Landowners in CAUV lawsuit want to keep case in Ashtabula

gavel and scales of justice
(Farm and Dairy file photo)

ASHTABULA, Ohio — A group of landowners and their legal counsel will ask a common pleas judge not to dismiss their case against Ohio’s tax commissioner and governor, during a hearing Jan. 15 in Ashtabula County.

Landowner Bruce Vance, of Jefferson, Ohio, and two other plaintiffs filed a lawsuit against Tax Commissioner Joseph Testa, and Ohio Gov. John Kasich, in June 2015, over concerns that Current Agricultural Use Values were miscalculated, and cost landowners billions of dollars.

Issue in question

The basic argument is that the state-determined CAUV values are based on crop commodities — like corn, soybeans and wheat — and neglect to take into consideration acres that grow other crops — such as grapes, woodlands or pastureland, or are not suited to grow crops.

At least a half-dozen additional plaintiffs have joined the case, some who have seen two- and three-fold increases in their CAUV taxes. The group is hoping for more plaintiffs as they seek class action status.

The CAUV program was established in 1975 as a means of taxing farmland on its agricultural use value and not its full market value. The calculation drew scrutiny following an update in 2014, that resulted in a 200-300 percent increase for some landowners.

Implementing the law

Kevin Roberts, attorney for the landowners, said the group is not arguing to change Ohio’s CAUV rule — only how it is implemented.

“The rule is fine,” Roberts said. “The tax commissioner is failing to abide by the strict mandates of the rule.”

Roberts said the state basically used the recent rise in commodity prices as an excuse for changing other parts.

Kate Hanson, public information officer for the Ohio Attorney General, said she couldn’t comment on the case because it’s active litigation.

Want it dismissed

But court documents show the state has asked for the case to be dismissed.

“Under well-settled law, the state is immune from suit, unless the General Assembly has expressly waived the state’s immunity by statute,” according to the state’s motion to dismiss.

Attorneys for the state also argue that a court of common pleas, which is where this case has been filed, cannot suspend or stay an order of the tax commissioner, because of the state’s sovereignty over such matters.

If the case is not dismissed, state attorneys ask that it at least be transferred to Franklin County, where state offices are located, and where the alleged miscalculations were made.

Roberts said the state wants “home territory” to decide the case. He would rather see it decided in farm country — where the farmers live and are being affected.

Amended complaint

The landowners are also hoping the court will grant them a second amended complaint, which would drop the governor as a defendant, drop the injunction, and presumably make the case more likely to stay in county court.

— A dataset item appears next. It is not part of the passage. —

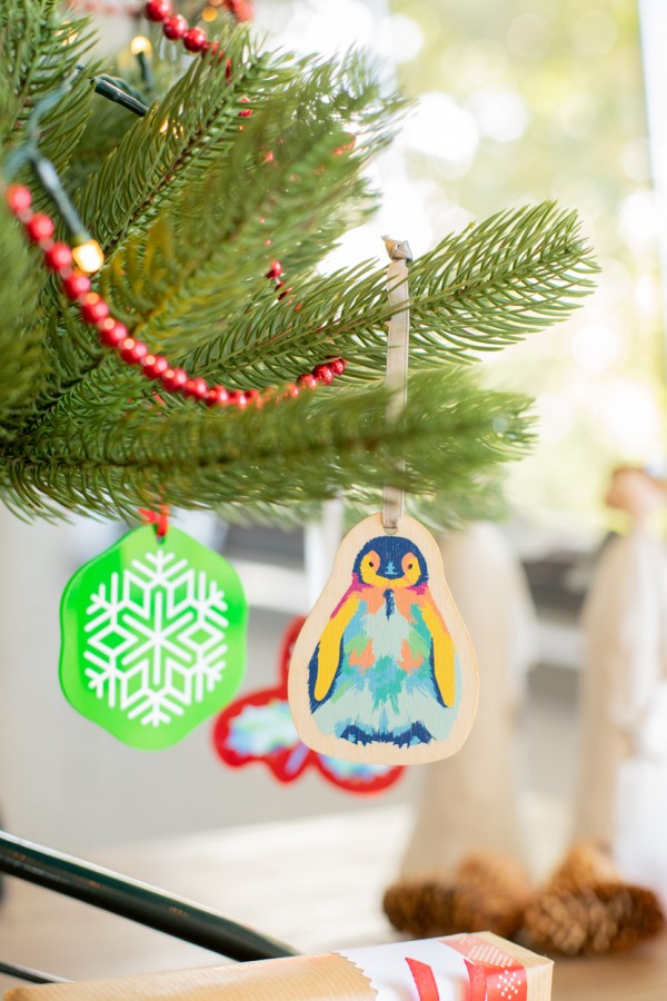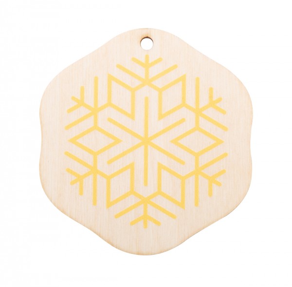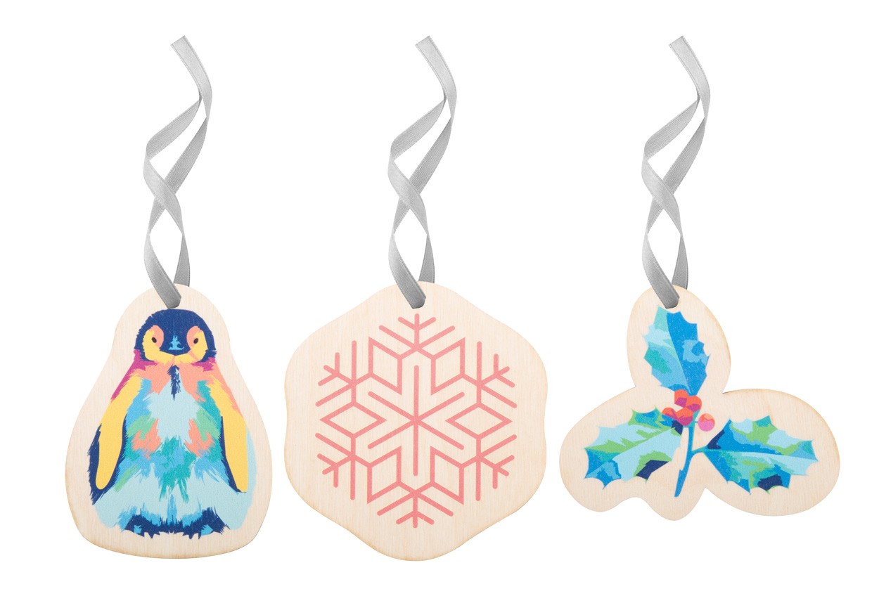 Ornament pentru brad de Crăciun, realizat la comandă din placaj de mesteacăn, cu formă personalizată și grafică plină de culoare. Dimensiune maxima: 80x80 mm. Pretul include imprimarea UV LED pe o parte. Livrat cu panglică detașată. MOQ: 100 buc.

Co-attorney Ben Calkins said the plaintiffs have also decided to focus on “equitable relief” for damages. If they were seeking “legal relief,” the case would be more likely to end up in a Columbus court.

Other efforts

Other efforts are also underway to change CAUV.

A different group of landowners has filed an administrative appeal asking the Ohio Board of Tax Appeals to rule that the tax department did not allow sufficient deductions for woodland values, and to require the higher deductions to be used in the future.

Separately, the Ohio Farm Bureau Federation has worked with landowners and state officials through a third approach — to negotiate and amend the CAUV calculation so that it’s more closely tied to farm values.

The Farm Bureau’s effort resulted in an initial round of acceptance by the tax commissioner, and the introduction of new legislation late in 2015, calling for additional amendments.

Farm Bureau is not involved with either legal action, and noted that both cases have uncertain outcomes that could take years to resolve.